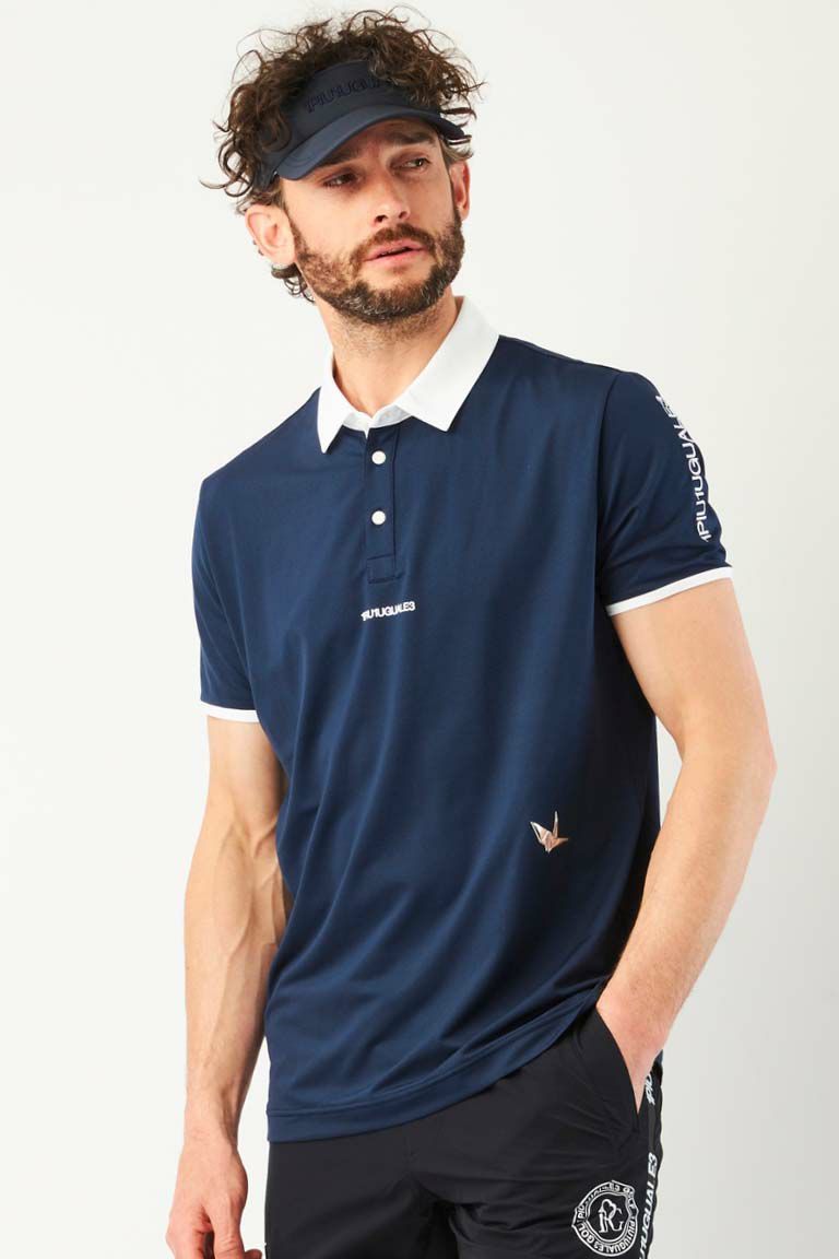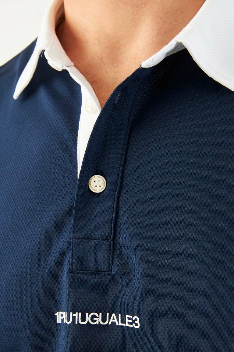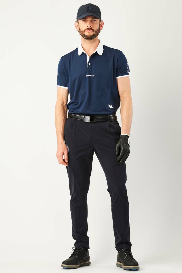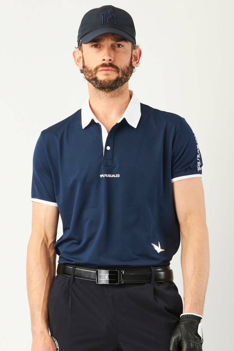 ゴルフに最適な素材です。襟と袖口に白生地を配し、軽さとスポーティさを表現しています。
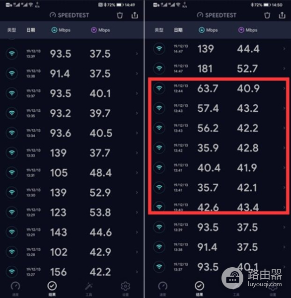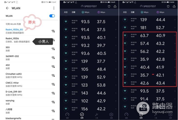 在选择5GHz WiFi之后,本想着现在室内各地点挨个测试网速,但是第一轮的网速测试就令沧海有点懵,我使用的100M的联通宽带,第一次测试完之后数据显示,下载156Mbps。上传42.2Mbps。
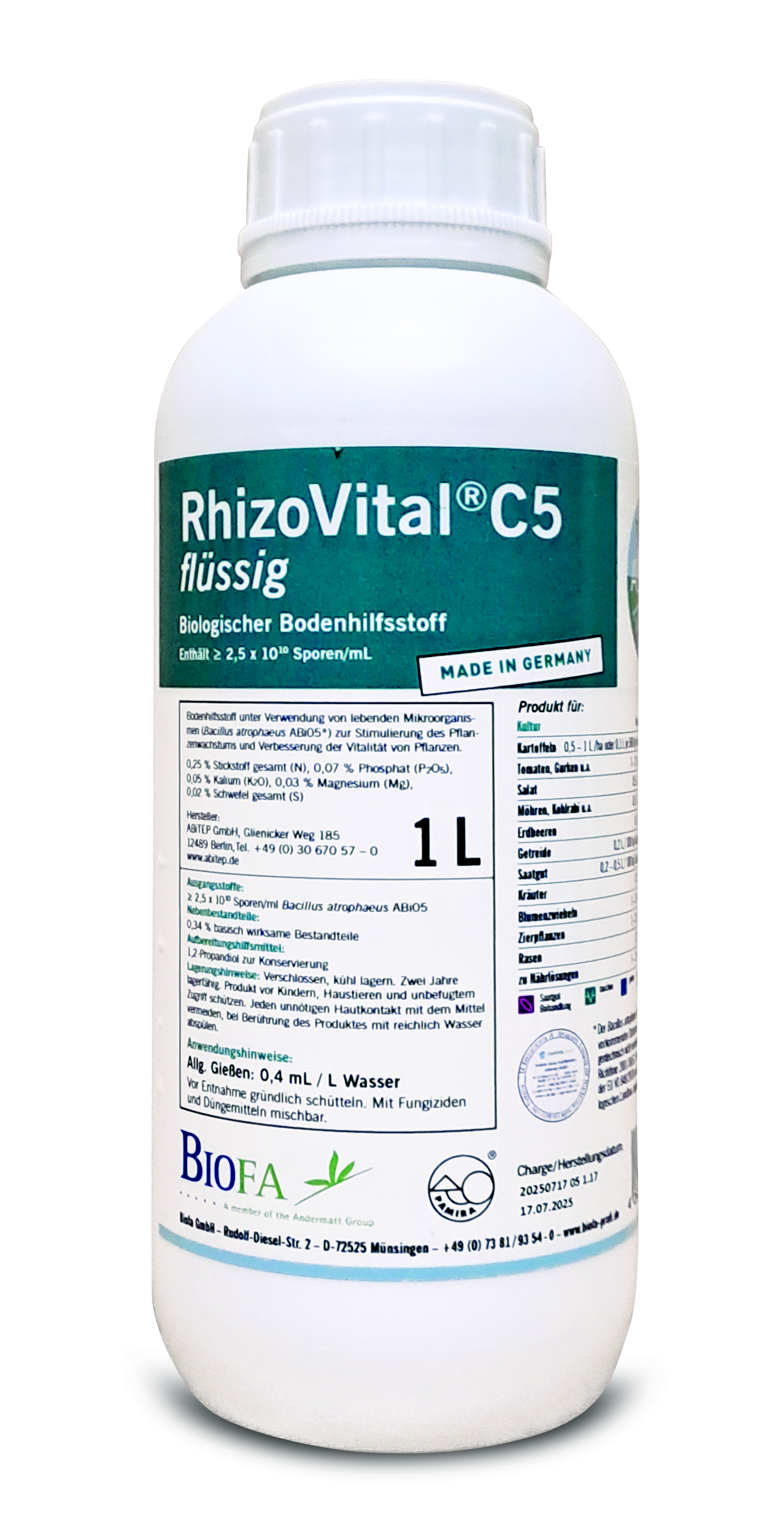 RhizoVital C5 ist ein Bodenhilfsstoff, der gezielt die natürlichen Prozesse im Boden fördert. Mit einer hochwirksamen Konzentration von Sporen des Bodenbakteriums Bacillus atrophaeus Abi05 (2,5 x 10¹⁰ cfu/ml) bietet RhizoVital C5 zahlreiche Vorteile für Ihre Pflanzen.

_BRIEF_.
Set down the entire material verbatim, with each picture left out.

_WORKED SOLUTION_.
 ゴルフに最適な素材です。襟と袖口に白生地を配し、軽さとスポーティさを表現しています。
 在选择5GHz WiFi之后,本想着现在室内各地点挨个测试网速,但是第一轮的网速测试就令沧海有点懵,我使用的100M的联通宽带,第一次测试完之后数据显示,下载156Mbps。上传42.2Mbps。
 RhizoVital C5 ist ein Bodenhilfsstoff, der gezielt die natürlichen Prozesse im Boden fördert. Mit einer hochwirksamen Konzentration von Sporen des Bodenbakteriums Bacillus atrophaeus Abi05 (2,5 x 10¹⁰ cfu/ml) bietet RhizoVital C5 zahlreiche Vorteile für Ihre Pflanzen.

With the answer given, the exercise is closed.